架構ユニット10の壁区画に割り当てる耐震壁21の数は、特に限定されず、任意に設定することができる。割り当てる耐震壁21の数を変えることで、建築物100の見た目をあまり変えずに、建築物100における平面上の剛性の偏りを容易に解消することができる。
耐震壁21は、建築物100の基礎40に固定されてもよいし、スラブ30に固定されてもよい。
耐震壁21は、建築物100の1階から最上階に上下に連続していなくてもよく、この場合、1階と2階とで耐震壁21の配置が異なっていてもよいし、1階の耐震壁21の上端部が1階の屋根スラブ30A(2階の床スラブ30B)に埋め込まれてもよいし、2階の耐震壁21の上端部が2階の屋根スラブ30Aに、下端部が2階の床スラブ30B(1階の屋根スラブ30A)にそれぞれ埋め込まれてもよい。
耐震壁の材質、形状、設置数は、特に限定されず、例えば、耐震壁を鉄筋コンクリート造や木造としてもよいし、鉄筋コンクリート造の耐震壁を工場で製作(プレキャスト)したり、鉄筋コンクリート造の耐震壁に現場でプレストレスを導入したりしてもよいし、鉄筋コンクリート造または木造の耐震壁を耐震壁21と同じ形状にしてもよいし、耐震壁21とは異なる形状にしてもよい。
【0048】
ALCパネル22、サッシ窓23、扉24、および梁通し用パネル25の何れか1つの壁体または何れか複数の壁体は、基礎40に固定されてもよい。

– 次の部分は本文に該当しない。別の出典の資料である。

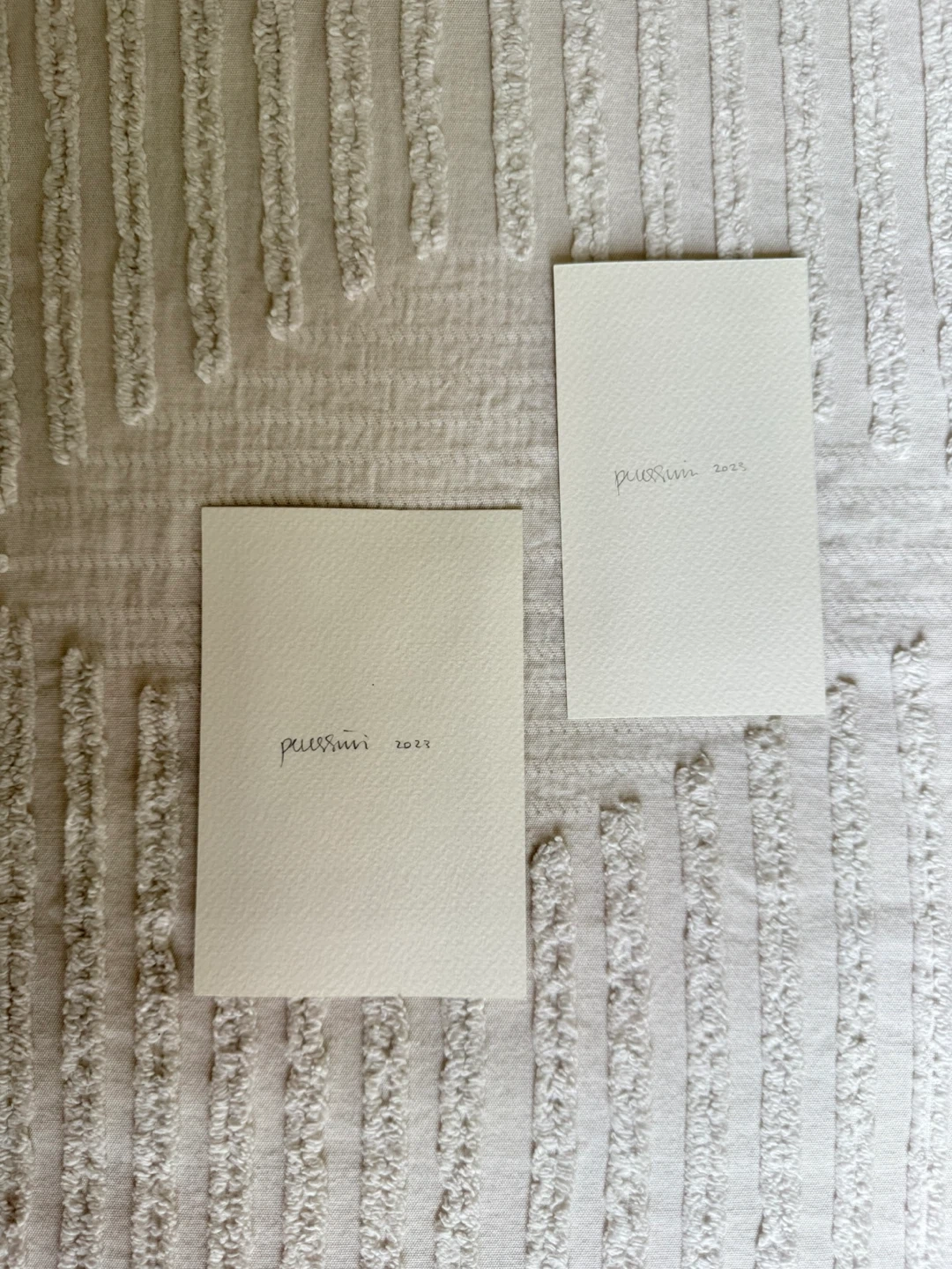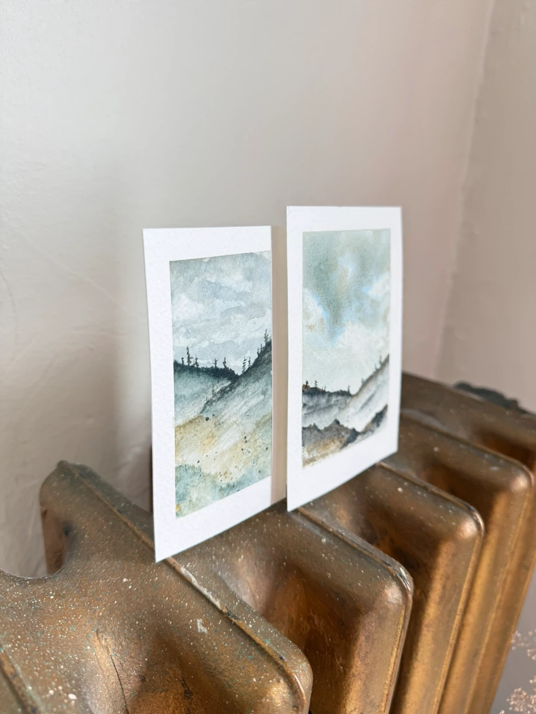 Two original Christina Peressini (Vancouver artist) watercolour paintings. Tiny landscapes in rich deep blues, greens, and greys of forests and mountains with cloudy skies.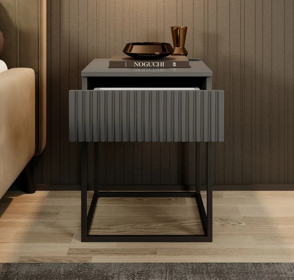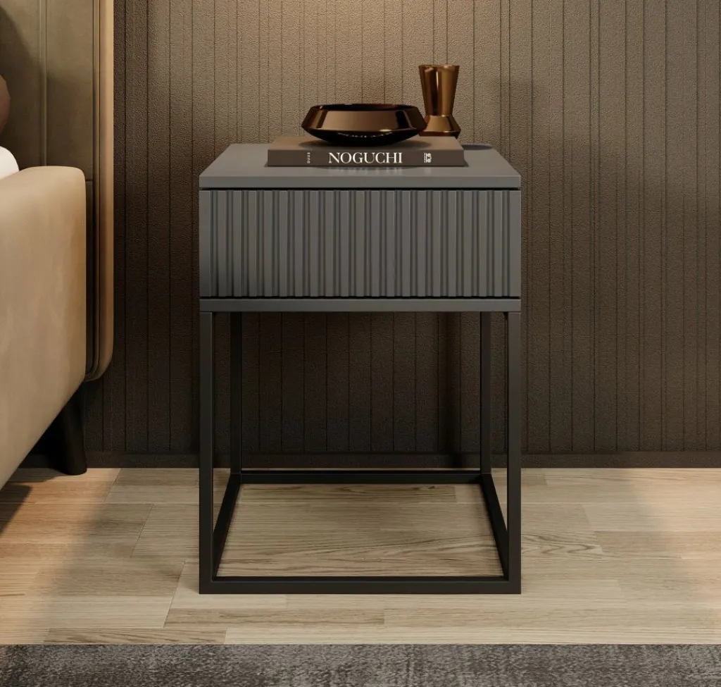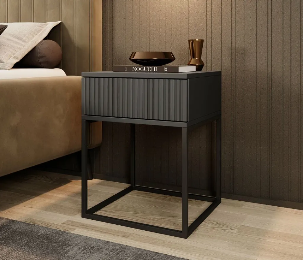 Nachtkastje Sylvester is een opbergkastje voor naast het bed. De Sylvester beschikt over 1 lade die opent met het push to open systeem. De voorkant van de lade heeft een lattenpatroon. Het nachtkastje staat op een zwart onderstel dat gemaakt is van metaal.

梁通し用パネル25は、耐震壁21、ALCパネル22、またはサッシ窓23や、これら以外の壁体に梁12を通すための切欠部を設けたものであってもよい。
【0049】
スラブ30は、平面視で架構ユニット10A、10Bの各辺から外側に異なる寸法だけ張り出した形状とされてもよいし、架構ユニット10A、10Bの各辺から外側に張り出さない形状とされてもよい。
【0050】
バルコニー50は、あってもよいし、なくてもよいし、柵状でなく壁状に構成されてもよい。
【0051】
建築物100は、1階建てでもよいし、3階以上の建物でもよい。
【符号の説明】
【0052】
10、10A、10B、10C…架構ユニット、11…柱、12、12A…梁、20…壁部、21…耐震壁(壁体)、22…ALCパネル(壁体)、23…サッシ窓(壁体)、24…扉(壁体)、25…梁通し用パネル(壁体)、30…スラブ、40…基礎、CS…閉区画、SD…基準寸法。